I’ve been pondering how I could help society understand the dynamics of youth violence and the anesthetic attitude young people tend to have toward violence, death and crime. I can imagine that for some people this notion is foreign. I remember participating in an Alternative to Violence Project while I was incarcerated, and someone mentioned that there are actually people in the world who would not stoop to violence even if their life depended on it. I was stunned. How is that possible, I wondered? Adaptation is the greatest technique of survival known to
The inner city streets are often wrought with violence because there is an abnormal acceptance of crime culture that has been passed down from generation to generation. There are hand me down conditions and traditions. My guess is that much of it stems from the media consumed that depict violence as the norm (be it hip hop, video games and/or movies). I also believe a lot of this is a response to feeling oppressed and an overall sense of powerlessness and lack of self-esteem. Many young people lack the guidance of caregivers and have never had established, appropriate principles and guidelines for behavior due to the absence of positive role models. In most cases, people in my community live by the “Eye for an Eye” theory.
I ran from my first fight when I was a young girl and when my father caught me he scolded me and threatened me. He demanded, “If someone hits you, you better not run. You better fight back, and if you can’t beat them you better pick up a bottle, a stick, or a brick, but you better not run.” He was squeezing my little arms as I winced in pain. I didn’t heed his words right away. I continued to run from fights. As I grew up through my elementary years, my adolescence, and during high school, I was warned time and time again, by my older siblings and the boys in my neighborhood, that I should learn to fight back. Finally, I began to fight back. I learned that defending myself might actually help me survive. My desire to survive physically and mentally led me to build up an image, and I sought to live up to it. I wanted everyone around me to fear me. I became determined that I would not be consumed by those who were more prone to violence. I wanted to live.
My image served to protect me until I ended up in prison for murder. Once in prison I rehabilitated myself to the fullest extent. Every so often when I witness the prevailing violence all around me in these same turbulent streets where I grew up, I wonder, how is that possible? When people look at my past, peruse my rap sheet, and hear war stories about the person I used to be, I don’t think they believe me when I say I absolutely detest violence. They doubt me because I used to be one of the worst people you would not want to meet.
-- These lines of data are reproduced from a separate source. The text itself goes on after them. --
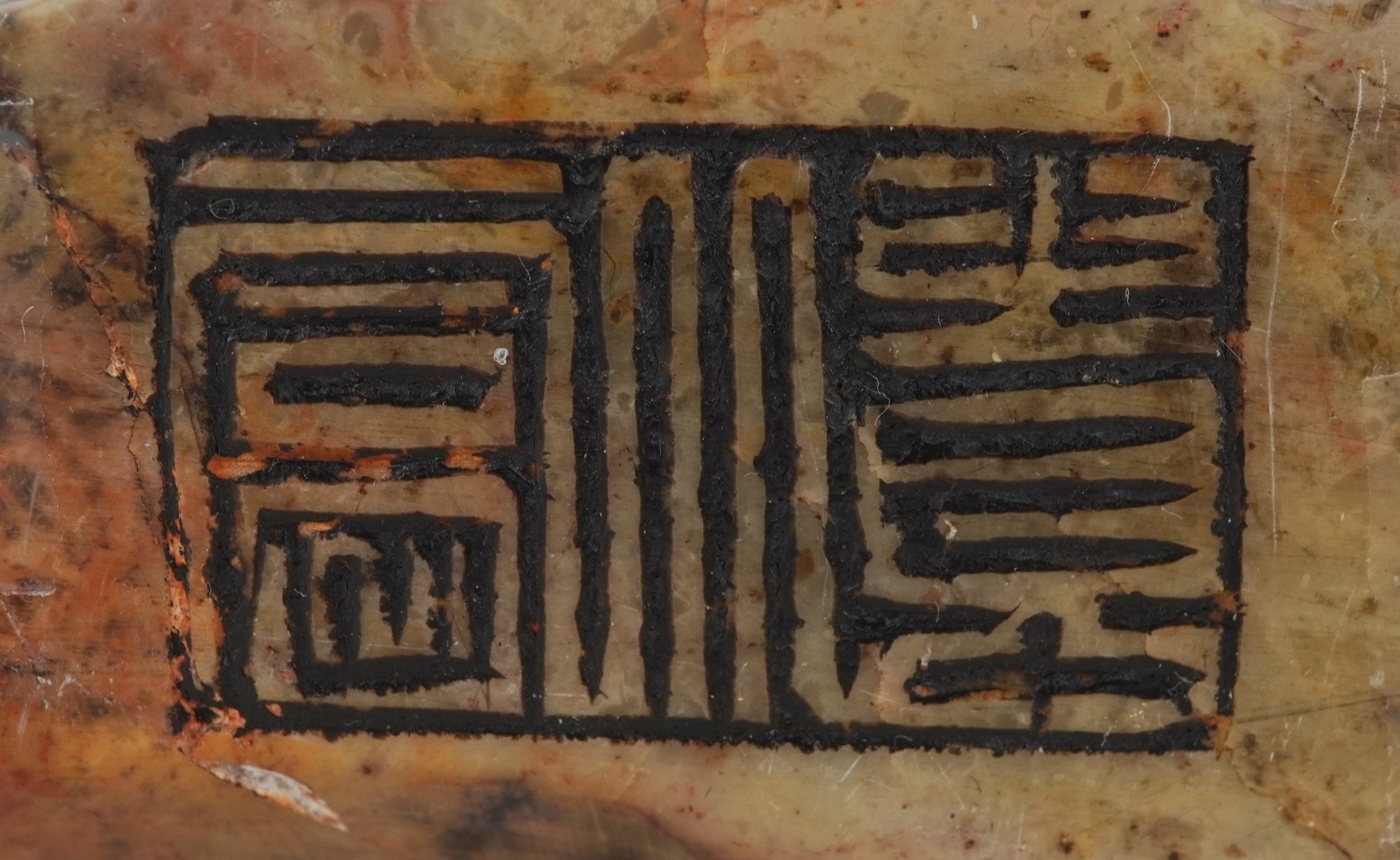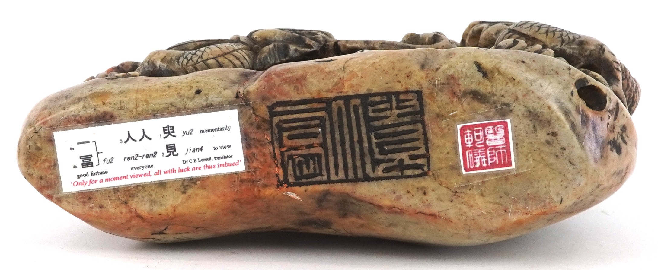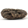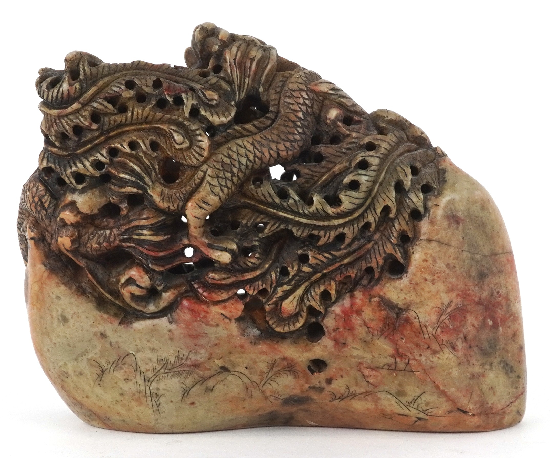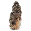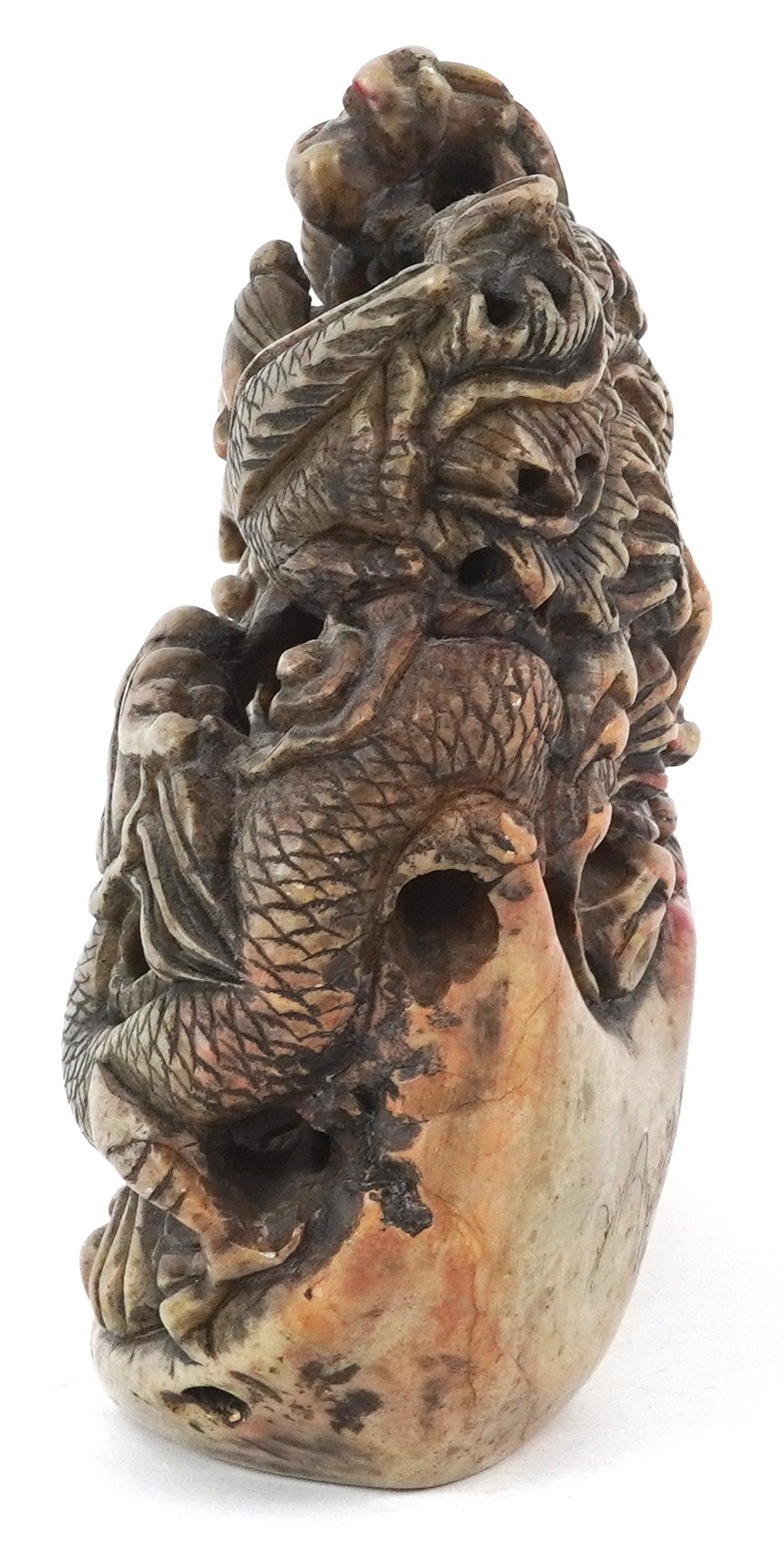 A Chinese soapstone carving of dragons and mythical creatures, character marks to the base, 13.5cm high.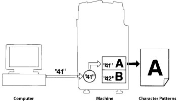 When you print the letter A, the host computer sends a code corresponding to A (hexadecimal 41 is an example of this) to the machine. This code is referred to as the character code. The machine stores an internal representation of each character, and selects from among these character patterns the pattern corresponding to the received code. In this case, the machine searches for the pattern for A, and prints it. The process by which letters are printed.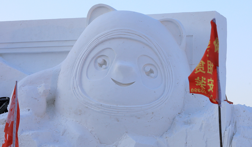 The snow sculpture of the mascot of Beijing 2022 Olympic Winter Games "Bing Dwen Dwen" in the Stalin Park in Harbin, Northeast China’s Heilongjiang province [Photo/IC]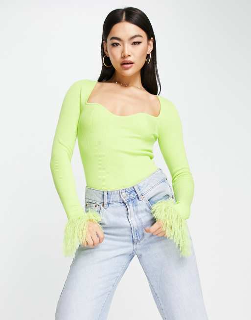 Top amarillo lima de punto con escote corazón y ribetes de plumas sintéticas de ASOS DESIGN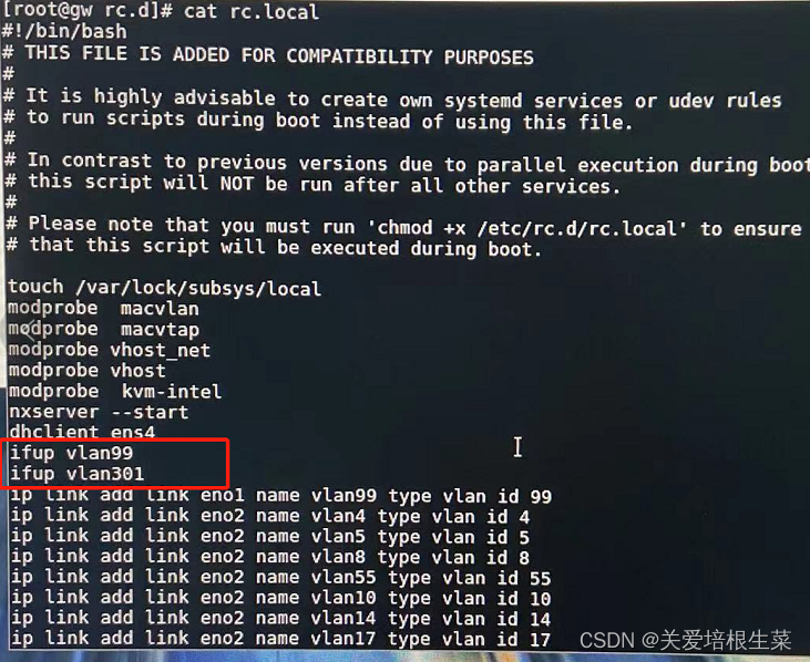 如果想要下次重启vlan自启动,则可以在 /etc/rc.d/rc.local中直接添加一行:ifup vlanxx,如下图: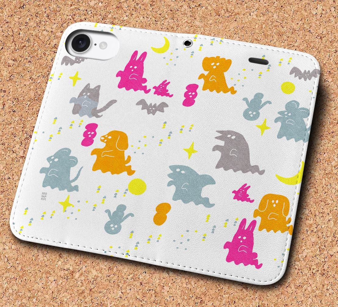 iPhone対応 スマホ 手帳型ケース おばけ イラスト キュート 【iPhone17 / iPhone16 / iPhone16e / iPhoneSE 他 iPhone各機種対応】 st58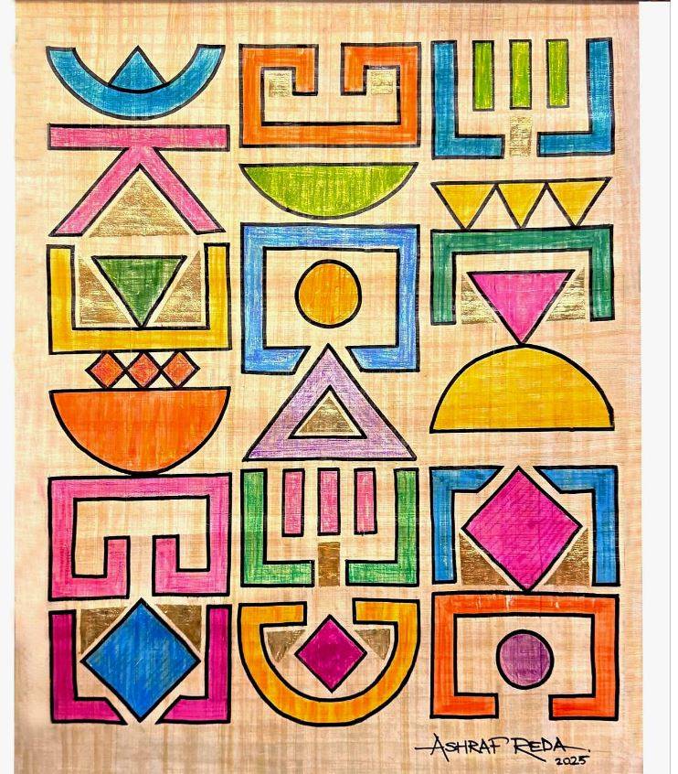 وشارك رضا بلوحة «أبجدية التاريخ» على ورق البردي، وقال إن «الجميل في هذا المعرض أن صاحبة المبادرة تنتوي أن تخرج بهذا المعرض إلى خارج مصر، والسفر به لأكثر من دولة أوروبية، لتقدم الفنون المصرية المعاصرة على الخامة المصرية القديمة».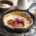 This Dutch baby is a star on its own but serves beautifully alongside a cup of freshly brewed coffee or a pot of tea. For a heartier brunch, try it with smoked salmon and cream cheese or a small green salad dressed lightly with lemon vinaigrette to balance the sweetness with savory bite.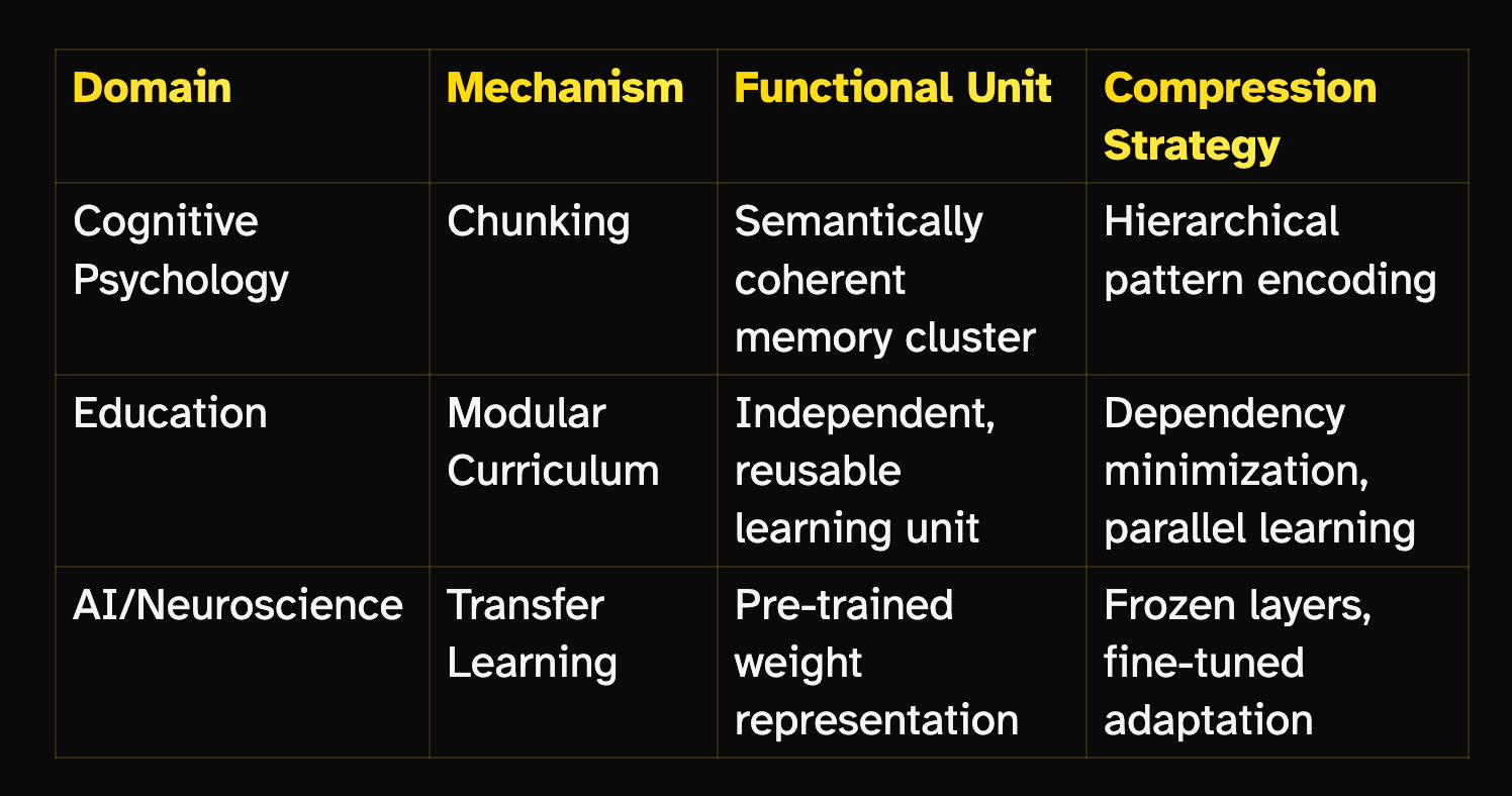 This article argues that three seemingly disparate mechanisms — chunking in cognitive psychology, modular curriculum design in education, and transfer learning in artificial intelligence — are structural isomorphisms of a single foundational principle: functional information compression and reuse. By tracing the mechanistic lineage of how biological and artificial systems optimize learning efficiency, we demonstrate that expertise in any domain emerges from the progressive construction of high-density, reusable representational units. The convergence of these mechanisms across cognitive science, pedagogy, and computational neuroscience reveals a universal architecture for accelerated learning: systems that compress raw information into transferable modules outperform those that process data atomistically. We conclude by proposing a unified predictive framework where the brain, curriculum, and neural network are instantiations of the same algorithmic solution to the combinatorial explosion problem inherent in open-ended learning.

I always have disliked violence to the fullest extent. I was never anesthetized to violence. As a young girl when I was approached with a fight I would close my eyes, duck my head, and just begin swinging. As I got older I almost had to turn off a switch and become someone other than myself and let loose the goon who seemed to enjoy hurting others. In the end I destroyed my real self. I know firsthand that many young people who appear violent, angry and aggressive are truly just scared. I am so grateful that I was able to rehabilitate myself, but the truth is that the person I am now is who I was always destined to be. Being uprooted from my community allowed me to develop the best in me and strive toward my higher potential. I’m still a work in progress, but there are two things I don’t do anymore no matter what’s going on around me: I don’t fight and I don’t follow.